[ENTRIES SHOWN — start]
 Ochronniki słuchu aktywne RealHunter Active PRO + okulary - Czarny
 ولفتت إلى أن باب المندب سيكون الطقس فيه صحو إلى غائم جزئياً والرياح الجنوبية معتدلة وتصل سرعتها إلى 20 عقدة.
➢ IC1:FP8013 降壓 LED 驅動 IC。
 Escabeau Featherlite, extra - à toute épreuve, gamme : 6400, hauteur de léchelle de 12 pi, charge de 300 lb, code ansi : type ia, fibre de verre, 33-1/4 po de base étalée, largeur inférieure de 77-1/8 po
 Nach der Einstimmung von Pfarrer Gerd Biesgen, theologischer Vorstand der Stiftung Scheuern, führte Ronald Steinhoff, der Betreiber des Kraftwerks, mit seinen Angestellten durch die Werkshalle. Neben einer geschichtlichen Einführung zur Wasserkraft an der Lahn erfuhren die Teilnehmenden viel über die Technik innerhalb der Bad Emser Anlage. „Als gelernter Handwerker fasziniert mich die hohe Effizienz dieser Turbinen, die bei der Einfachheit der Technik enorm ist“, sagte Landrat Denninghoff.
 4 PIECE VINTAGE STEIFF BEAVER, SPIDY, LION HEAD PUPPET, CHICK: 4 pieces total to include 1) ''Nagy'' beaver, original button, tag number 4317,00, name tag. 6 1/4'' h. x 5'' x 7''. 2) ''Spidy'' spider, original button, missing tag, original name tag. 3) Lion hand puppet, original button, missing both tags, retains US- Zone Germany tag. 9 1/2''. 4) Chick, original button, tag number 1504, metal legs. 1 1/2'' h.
[ENTRIES SHOWN — finish]
[ENTRIES SHOWN — start]
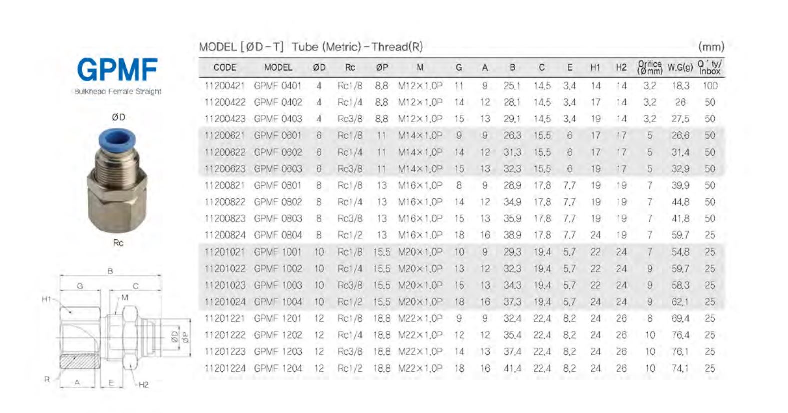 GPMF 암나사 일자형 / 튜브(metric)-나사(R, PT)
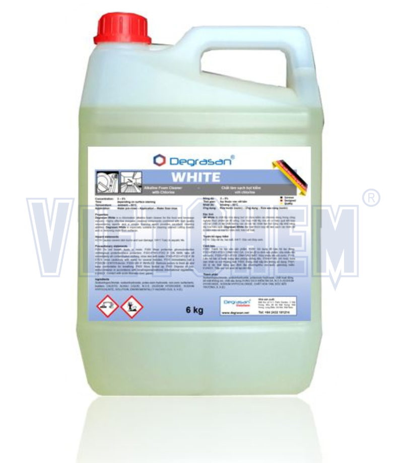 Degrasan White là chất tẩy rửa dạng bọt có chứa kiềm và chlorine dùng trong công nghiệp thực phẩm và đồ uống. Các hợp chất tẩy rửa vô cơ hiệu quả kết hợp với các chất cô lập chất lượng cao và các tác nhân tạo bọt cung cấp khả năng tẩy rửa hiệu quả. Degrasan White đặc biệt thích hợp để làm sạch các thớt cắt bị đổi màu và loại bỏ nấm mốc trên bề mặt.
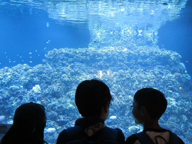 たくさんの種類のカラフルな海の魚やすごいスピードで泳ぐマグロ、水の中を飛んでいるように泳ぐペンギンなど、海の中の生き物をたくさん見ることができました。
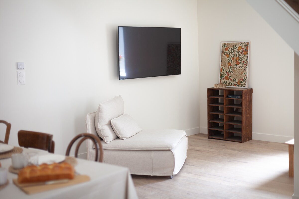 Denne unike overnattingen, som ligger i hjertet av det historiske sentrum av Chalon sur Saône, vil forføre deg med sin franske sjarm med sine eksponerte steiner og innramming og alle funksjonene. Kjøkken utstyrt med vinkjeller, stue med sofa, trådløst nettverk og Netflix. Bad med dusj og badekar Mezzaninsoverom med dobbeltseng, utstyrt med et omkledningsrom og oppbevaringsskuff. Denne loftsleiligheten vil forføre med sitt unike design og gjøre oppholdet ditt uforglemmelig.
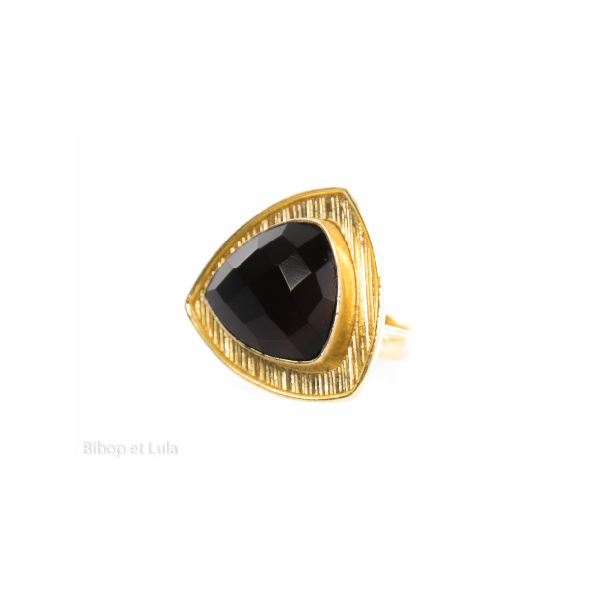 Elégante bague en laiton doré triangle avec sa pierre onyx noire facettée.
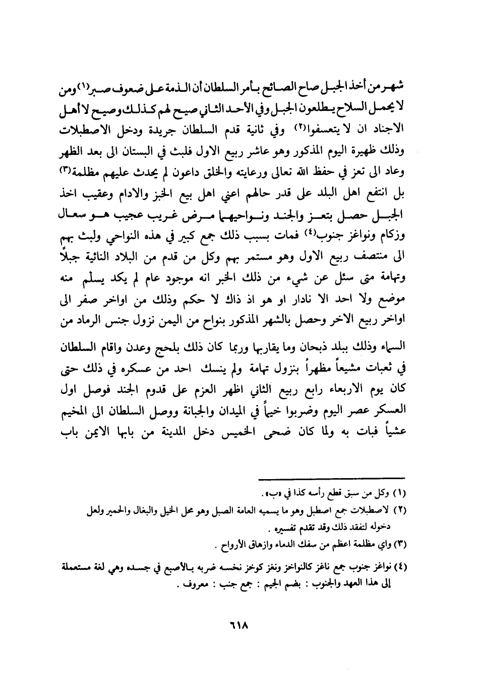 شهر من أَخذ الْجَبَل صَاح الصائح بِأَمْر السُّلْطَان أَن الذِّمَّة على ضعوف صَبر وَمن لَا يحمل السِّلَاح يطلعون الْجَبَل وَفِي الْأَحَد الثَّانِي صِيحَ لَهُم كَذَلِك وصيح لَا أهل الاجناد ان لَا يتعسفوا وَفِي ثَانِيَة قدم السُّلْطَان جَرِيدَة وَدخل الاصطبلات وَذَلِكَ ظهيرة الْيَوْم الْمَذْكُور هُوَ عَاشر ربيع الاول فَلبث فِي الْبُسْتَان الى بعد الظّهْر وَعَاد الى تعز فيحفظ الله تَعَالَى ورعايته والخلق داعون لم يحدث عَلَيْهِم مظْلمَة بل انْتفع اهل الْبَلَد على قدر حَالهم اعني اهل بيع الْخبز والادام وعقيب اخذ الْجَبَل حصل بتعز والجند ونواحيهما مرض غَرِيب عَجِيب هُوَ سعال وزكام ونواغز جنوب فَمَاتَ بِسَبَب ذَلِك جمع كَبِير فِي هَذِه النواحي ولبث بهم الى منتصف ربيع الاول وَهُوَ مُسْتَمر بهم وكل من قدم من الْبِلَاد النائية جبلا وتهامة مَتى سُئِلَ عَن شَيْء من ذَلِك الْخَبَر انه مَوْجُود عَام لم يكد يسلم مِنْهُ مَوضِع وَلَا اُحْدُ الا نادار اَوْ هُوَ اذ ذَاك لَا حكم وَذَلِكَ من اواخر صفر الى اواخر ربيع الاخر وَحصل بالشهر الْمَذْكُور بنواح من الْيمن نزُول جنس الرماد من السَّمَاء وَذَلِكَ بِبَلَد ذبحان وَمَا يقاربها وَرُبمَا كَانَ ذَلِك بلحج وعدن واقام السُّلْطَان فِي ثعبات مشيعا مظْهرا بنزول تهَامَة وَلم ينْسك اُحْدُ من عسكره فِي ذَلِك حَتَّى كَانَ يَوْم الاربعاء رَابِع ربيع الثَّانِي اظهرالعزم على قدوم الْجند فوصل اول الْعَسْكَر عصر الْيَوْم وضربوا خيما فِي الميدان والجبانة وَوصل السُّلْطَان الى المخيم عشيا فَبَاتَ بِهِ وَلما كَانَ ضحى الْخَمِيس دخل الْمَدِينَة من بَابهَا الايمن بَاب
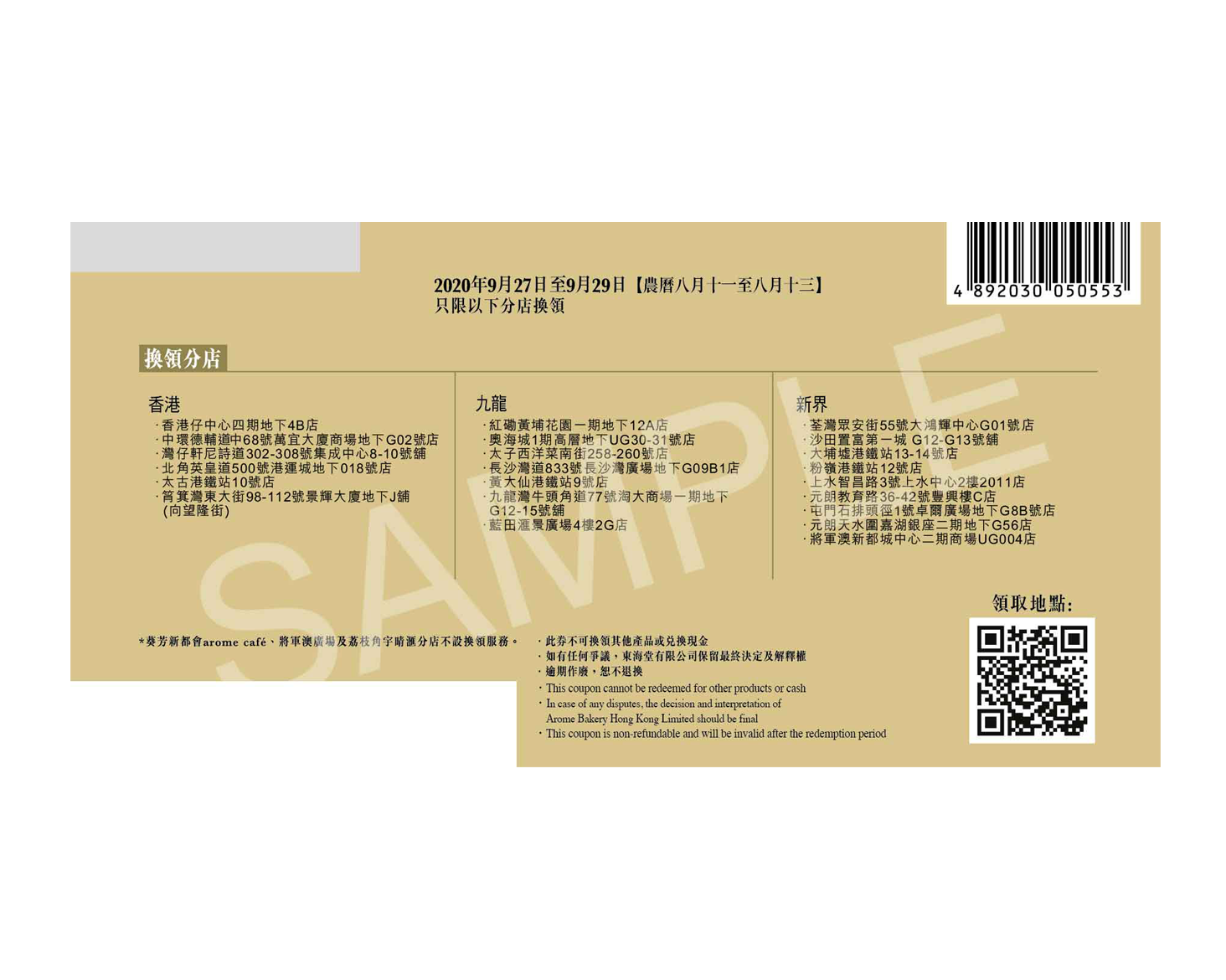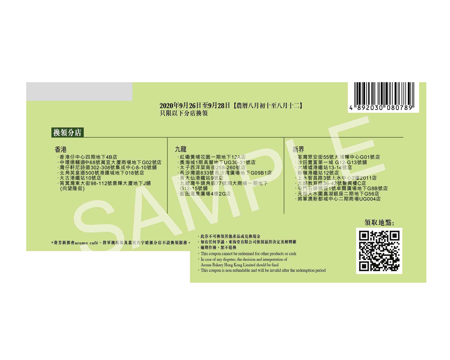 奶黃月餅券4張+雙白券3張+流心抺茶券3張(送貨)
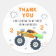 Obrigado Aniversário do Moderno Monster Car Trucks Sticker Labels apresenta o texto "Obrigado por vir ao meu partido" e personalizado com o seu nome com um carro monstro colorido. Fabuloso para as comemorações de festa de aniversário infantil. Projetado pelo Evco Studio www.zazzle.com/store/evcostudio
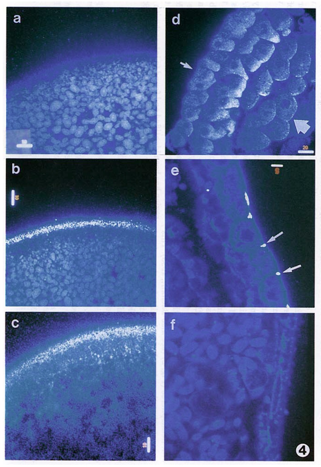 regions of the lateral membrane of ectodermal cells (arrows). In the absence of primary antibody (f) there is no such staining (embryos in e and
[ENTRIES SHOWN — finish]
WHAT THIS TASK INVOLVES:
Leaving out each picture, repeat exactly the lines above from the one that contains "奶黃月餅券4張+雙白券3張+流心抺茶券3張(送貨)" through the one that contains "regions of the".

SOLUTION TO THE EXERCISE:
 奶黃月餅券4張+雙白券3張+流心抺茶券3張(送貨)
 Obrigado Aniversário do Moderno Monster Car Trucks Sticker Labels apresenta o texto "Obrigado por vir ao meu partido" e personalizado com o seu nome com um carro monstro colorido. Fabuloso para as comemorações de festa de aniversário infantil. Projetado pelo Evco Studio www.zazzle.com/store/evcostudio
 regions of the lateral membrane of ectodermal cells (arrows). In the absence of primary antibody (f) there is no such staining (embryos in e and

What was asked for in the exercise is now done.